Revisiting the Augmented Lagrangian Approach to Saddle-Point Problems

Michele Benzi, Scuola Normale Superiore, Pisa
Online (trasmesso anche in aula Saleri)

Augmented Lagrangian (AL) methods have a long history in both optimization and numerical PDEs, going back to the work of Powell and Hestenes in the late 1960s and to the work of Glowinski and collaborators starting in the mid-1970s, respectively. Whereas AL-type methods have been long very popular in the field of constrained optimization, where are among the most widely used techniques available (as witnessed, for instance, by the great success enjoyed by methods like ADMM), the track record of these methods in solving PDE-related problems has been until recently somewhat less impressive, due in part to ill-conditioning and implementation difficulties.

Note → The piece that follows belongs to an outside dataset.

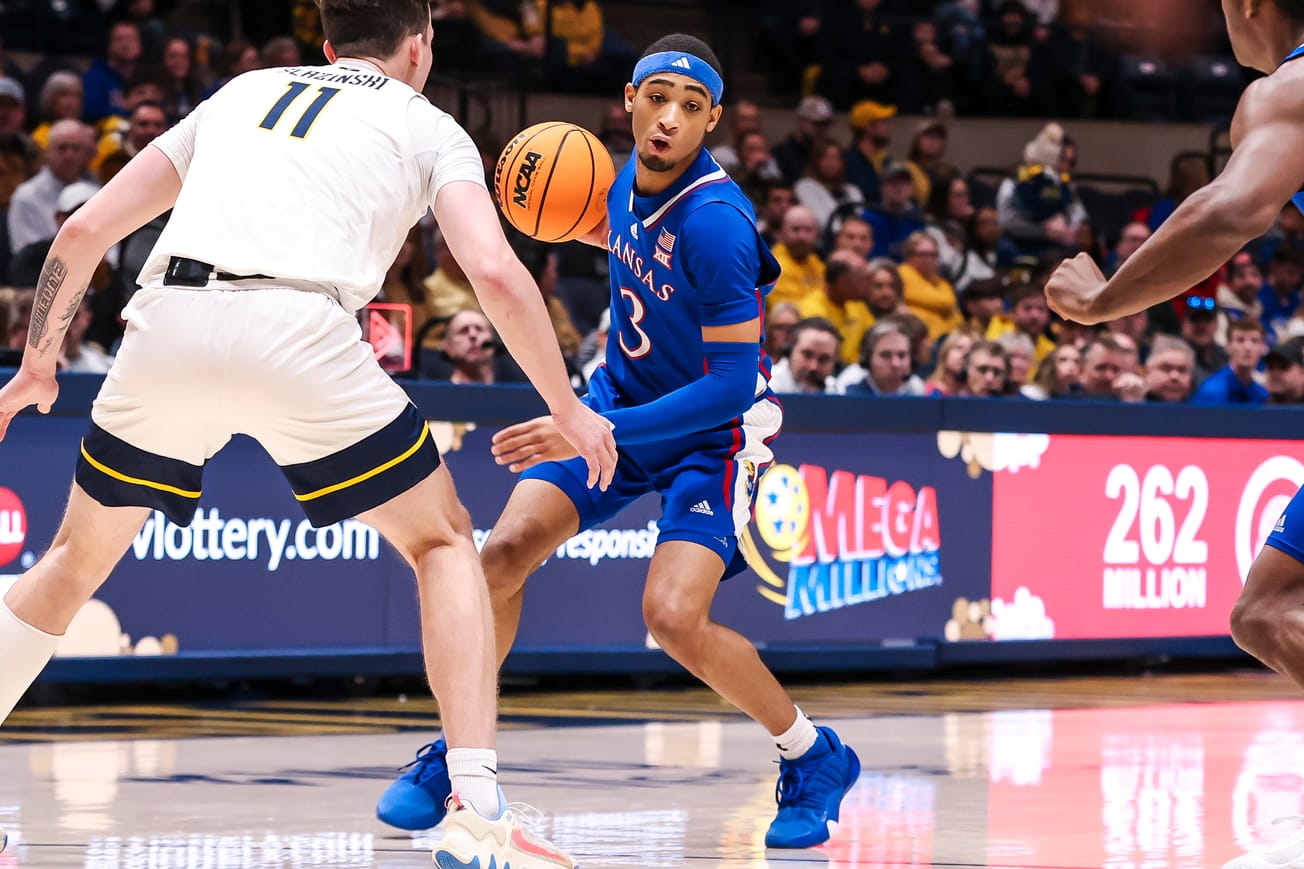 • Timberlake’s spark: During a particularly scary stretch in the first half when the Jayhawks had starters Dajuan Harris Jr., Kevin McCullar Jr. and Hunter Dickinson on the bench at the same time, it was the slumping senior transfer from Towson who delivered on the offensive end for the Jayhawks. Timberlake, whose KU career high prior to Saturday was 13 points in a home win over Yale, scored 12 points in the first half to help KU keep pace with a scorching WVU squad. R1S1 Sports recently caught up with Timberlake to break down what he’s done to stay positive despite the rough start to his KU career.

In this talk I will describe advances in developing robust and scalable solvers for PDE-related saddle point problems by means of iterative methods and block preconditioners tailored to the AL formulation. The effectiveness of these solvers will be demonstrated on problems from incompressible flow (Oseen problem, coupled Stokes-Darcy problem), liquid crystal directors modeling, and optimal control with PDE constraints. Collaborators over the years include Fatemeh Beik, Chiara Faccio, Patrick Farrell, Santolo Leveque, Maxim Olshanskii and Zhen Wang.